Just like that, the episode becomes an efficient, confident affair that, because it’s not covering too much ground—nearly the whole episode is spent in either Vanessa’s “rich people bar Downton Abbey” find or Ravi and Gerald’s budget spa—makes plenty of time for two really simple, ridiculous arcs. Yes, the two big stories (Sara’s “catch and release” dude and Jimmy’s rock-bottom) certainly mean more, and they were great, too, but it was nice to see Grandfathered go back to the well that gave us Ravi and Annelise’s safe-busting quest and keep it simple and just a little bit stupid. The budget spa stuff works, but the artichoke thing? That sings.
Go with me, here: there’s a special kind of bliss in a joke that’s specific to the person telling (or performing) it, but is simultaneously just a little bit universal. Grandfathered’s been setting Vanessa up as this rough-and-tumble girl since she punctured those drumheads (“Shyamalan!”), throwing in dozens of little moments where she tries to get free stuff or doesn’t know her own physical strength or is ready to throw down (remember that baseball bat that came out of nowhere?), and that commitment treally pays off here. At this point, we know Vanessa to be many great things, but classy is not one of them, so the set-up alone does a lot of the work, and after a few on-the-nose jokes, writer Laura Chinn picks one thing and just keeps going. It could have easily missed (and probably for some of you, it did), but the marriage of the consistent characterization of Vanessa, Christina Milian’s winning performance, and Chinn’s willingness to dig in deep on something that’s really kind of silly really makes it work. She wants to be classy, but she just isn’t. She orders an artichoke and doesn’t know how to eat it, because they are a really weird food. She spends the rest of the episode dealing with artichokes.

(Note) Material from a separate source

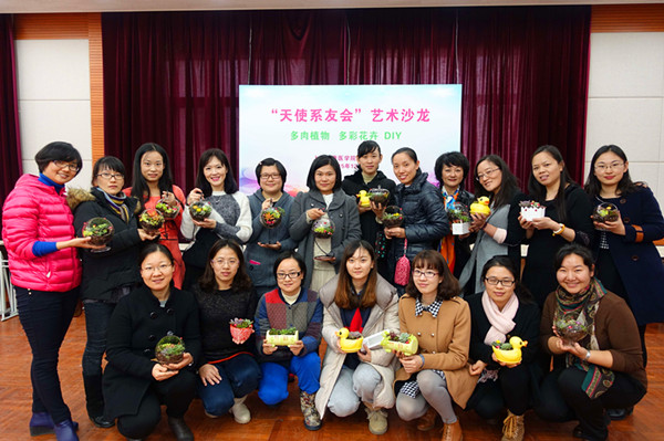 12月8日,护理学院在徐汇校区职工活动中心举办了一场别具特色的“天使系友会”多肉盆栽DIY创意沙龙。活动不仅邀请了一直支持护理学院学生管理工作的行业专家和优秀毕业生,护理学院的老师和同学们也都积极报名参与。师生们在学习、观赏和种植多肉植物过程中增进了解与互动,享受了园艺带给我们的美好感受。
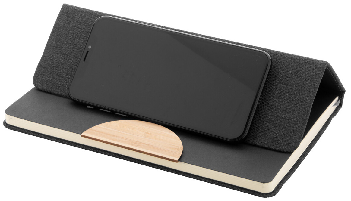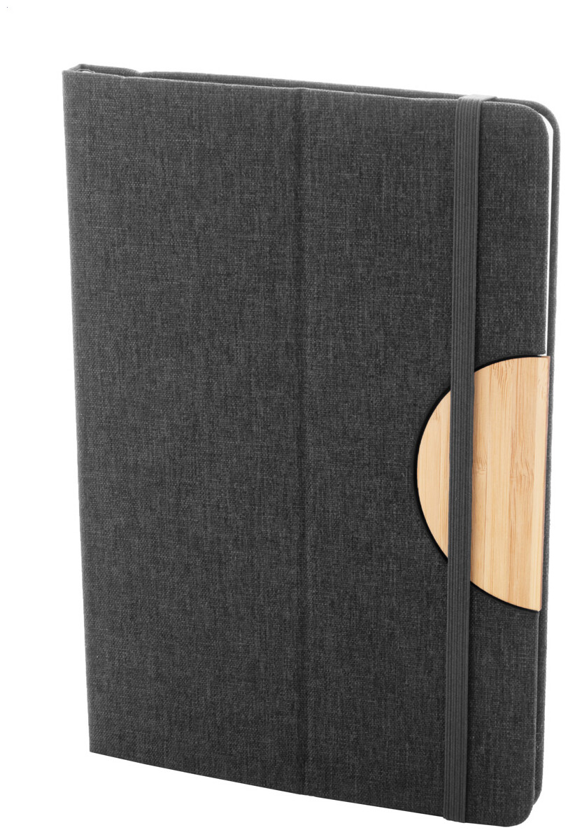 Blok A5 s deskami potaženými polyesterem RPET s bambusovou vložkou a funkcí držáku na mobil. S 80 linkovanými listy z recyklovaného papíru, záložkou a gumičkou.

How simple, and stupid, and great. A+, would watch again.
Elsewhere in the bar, Annelise’s personal life gets tanked again because Jimmy has no boundaries—we’ve got to be headed for some sort of breaking point there, right?—in a plot that would be funnier if it didn’t seem so familiar. Both the tall blonde lesbian and artichoke-gate are adjacent to the main event of the girl’s-night plot: Sara’s disappointing evening of gentlemen. As it turns out, accountants who talk about whale-watching are bad, but rugged-looking dudes whose wives are totally cool with flirting are worse. It can’t be overstated how welcome it is to see Paget Brewster get more screen time after a few weeks where she’s been somewhat underused. “I’m all horned up!” is easily the most solid laugh of the episode, it’s a pleasure watching her use her own game (“pardon my reach,” indeed), and while it’s far from most substantive stuff Brewster’s been given, it all sets up that lovely little final scene, so it’s well worth the time.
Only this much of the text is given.